Downloaded data is stored in `images_folder` (configured in config file),
partitioned by `server_name` and `partition_id`, in two parquet files with following schemes:

- `successes.parquet`:
  - uuid: string - downloaded dataset internal unique identifier (created to distinguish between all component datasets downloaded with this package)
  - source_id: string - id of the entry provided by its source (e.g., `gbifID`)
  - identifier: string - source URL of the image
  - is_license_full: boolean - True indicates that `license`, `source`, and `title` all have non-null values for that
    particular entry.
    - license: string
    - source: string
    - title: string
  - hashsum_original: string - MD5 hash of the original image data
  - hashsum_resized: string - MD5 hash of the resized image data
  - original_size: [height, width] - dimensions of original image
  - resized_size: [height, width] - dimensions after resizing
  - image: bytes - binary image data

- `errors.parquet`:
  - uuid: string - downloaded dataset internal unique identifier (created to distinguish between all component datasets downloaded with this package)
  - identifier: string - URL of the image
  - retry_count: integer - number of download attempts
  - error_code: integer - HTTP or other error code
  - error_msg: string - detailed error message

For general operations (that do not involve access to `image` column, e.g. count the total number of entries, create
size distribution etc.) it is recommended to use Spark or similar applications.

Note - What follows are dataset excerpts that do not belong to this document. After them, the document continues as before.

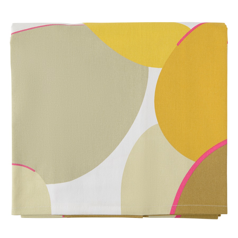 Скатерть из хлопка горчичного цвета с авторским принтом из коллекции Freak Fruit, 170х170 см, Tkano
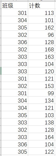 学校某年级跳绳抽测(每个班抽测5名同学)后,老师将有效数据导出为”ts.csv”文件进行保存,部分数据如图所示,现要编程统计共有多少同学在100个以下,请补全代码:
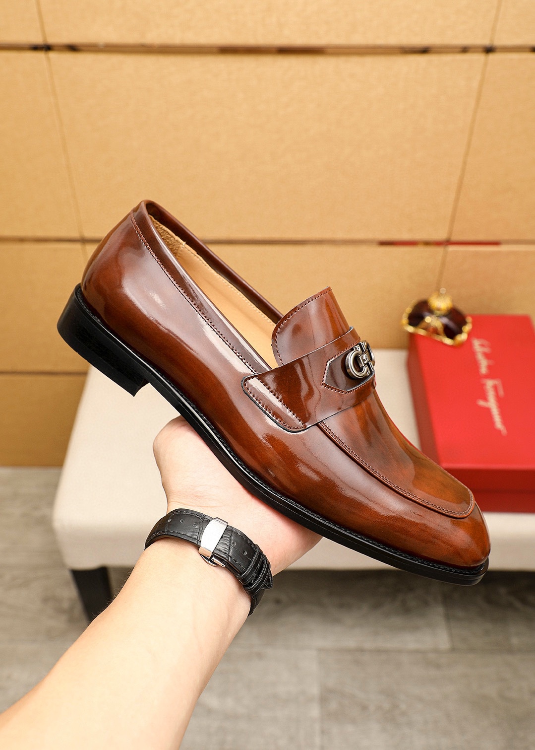 這款鞋子是AAAAA 1:1 質量(非常棒). 使用了和原版一模一樣的材料. 商標部分也保持了和菲拉格慕/Salvatore Ferragamo一樣. 圖片拍攝是實物鞋子拍攝, 您所收到的實物保證和我們圖片一模一樣.

For any operation that does involve
`image` column, it is recommended to use Pandas or similar library to access each parquet file separately.

## Supported Image Formats

The downloader supports most common image formats, including:

- JPEG/JPG
- PNG
- GIF (first frame only)
- BMP
- TIFF

## Error Handling and Troubleshooting

Common issues and solutions:

1. **Rate limiting errors**: If you see many errors with code 429, adjust the `default_rate_limit` in your config to a
   lower value.

2. **Memory issues**: If the process is killed due to memory constraints, try reducing `batch_size` or
   `workers_per_node` in your config.

3. **Corrupt images**: Images that cannot be decoded are logged in the errors parquet file with appropriate error codes.

4. **Resuming failed downloads**: The downloader creates checkpoints automatically. Simply run the same command again to
   resume from the last checkpoint.

## License

This project is licensed under the MIT License - see the LICENSE file for details.